Um portão de dispersão de luz que incluía linfócitos e blastos, mas excluía agregados e detritos foi aplicado, seguido por um portão para incluir quatro eventos positivos para DC. A coloração de clarete de visão celular permitiu que as células treg viáveis fossem facilmente distinguidas das células efetoras T viáveis que foram altamente proliferadas e, portanto, os perfis de proliferação de DIM CFSE para células efetoras T positivas para CFSE e células treg positivas para Claret de visão celular foram analisados usando um software de modelagem de pico mod fit. Aproximadamente 25.000 eventos foram analisados.
Destes, 48% eram efetores T viáveis, 6% eram T regs viáveis, sendo o restante células mortas, células acessórias e detritos. O índice de proliferação calculado, que reflete o aumento de dobras no número de células durante o período do ensaio, foi de 3,85 para efetores T e 1,83 para Tregs. Aqui, é mostrado o efeito da concentração de células tregs no índice de proliferação de células T efetoras calculado a partir do perfil de diluição do corante CFSE.
Os resultados foram os mesmos, quer as células treg tenham sido marcadas com clarete de visão celular ou não tenham sido coradas, indicando que a função treg não foi alterada pela coloração. Com o rastreamento como esperado, a extensão da proliferação do tector aumentou à medida que a concentração de células treg diminuiu. Os índices de proliferação de células Treg também foram calculados a partir de perfis de diluição de corante clarete em diferentes proporções de efetores treg para T.

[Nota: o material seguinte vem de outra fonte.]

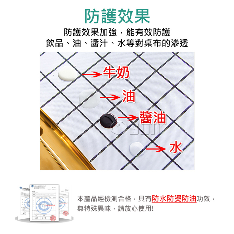 防護效果加強,能有效防護飲品、油、醬汁、水等對桌布的滲透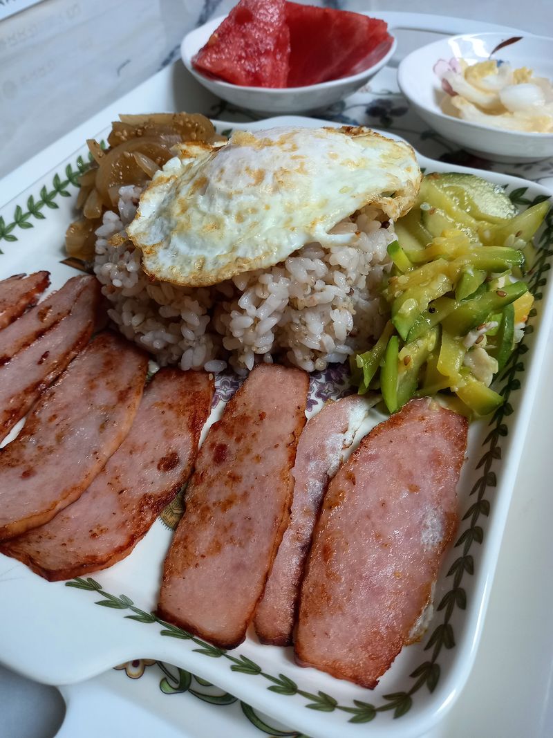호박나물, 양파볶음,오이나물에 오븐그릴햄, 후라이하나 올린 한접시요리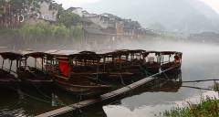 沱江河是古城鳳凰的母親河,她依著城墻緩緩流淌,世世代代哺育著古城兒女。坐上烏蓬船,聽著艄公的號(hào)子,看著兩岸已有百年歷史的土家吊腳樓,別有一番韻味。順?biāo)拢┻^虹橋一幅江南水鄉(xiāng)的畫卷便展現(xiàn)于眼前:萬壽宮、萬名塔、奪翠樓……一種遠(yuǎn)離塵世的感覺悠然而生。沱江的南岸是古城墻,用紫紅沙石砌成,典雅不失雄偉。城墻有東、北兩座城樓,久經(jīng)滄桑,依然壯觀?! °铀宄?,城墻邊的河道很淺,水流悠游緩和,可以看到柔波里招搖的水草,可以撐一支長(zhǎng)篙漫溯。沿沱江邊而建的吊腳樓群在東門虹橋和北門跳巖附近,細(xì)腳伶仃的立在沱江里,象一幅永不回來的風(fēng)景。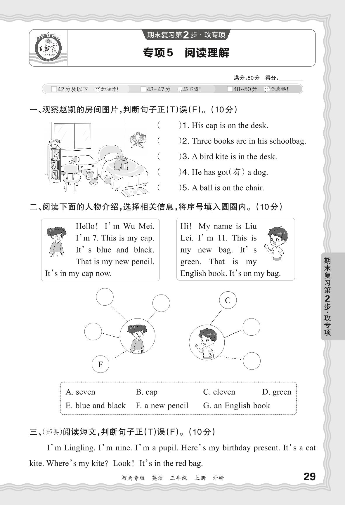 三年级英语外研版(三起始)上册专项卷

Como esperado, as Tregs sofreram proliferação mínima na ausência de células efetoras T à medida que a concentração de células efetoras T aumentou. No entanto, a extensão da proliferação de células treg também aumentou. Depois de assistir ao vídeo, você deve ter uma boa compreensão de como usar com sucesso corantes de rastreamento celular para monitorar a proliferação celular, como escolher fluorocromos apropriados e controles de compensação de cor e como selecionar um modelo apropriado para quantificar a divisão celular com base na diluição do corante.
Junto com este procedimento, outros métodos podem ser realizados para responder a questões experimentais, como coloração de células T específicas do antígeno ou classificação de fluxo para recuperação de células-tronco que estão quiescentes ou se dividindo lentamente. Muito obrigado por assistir.
Este artigo descreve um método para usar corantes de rastreamento celular para quantificar a divisão de células imunes. O processo envolve marcar células com corantes fluorescentes, analisá-las com citometria de fluxo e utilizar software de modelagem de picos para interpretação dos dados.
Cell tracking dyes enable direct quantification of immune cell proliferation, providing a critical de-risking step in target validation by linking phenotypic responses to functional outcomes. This method supports predictive confidence in early discovery by generating quantitative proliferation metrics that can be correlated with immunophenotyping and cytokine data. Integration with flow cytometry allows multiplexed analysis, improving assay efficiency and reducing biological ambiguity in lead identification workflows.
The method fits within the discovery continuum from target validation through lead identification, providing direct readouts of cell division that inform go/no-go decisions.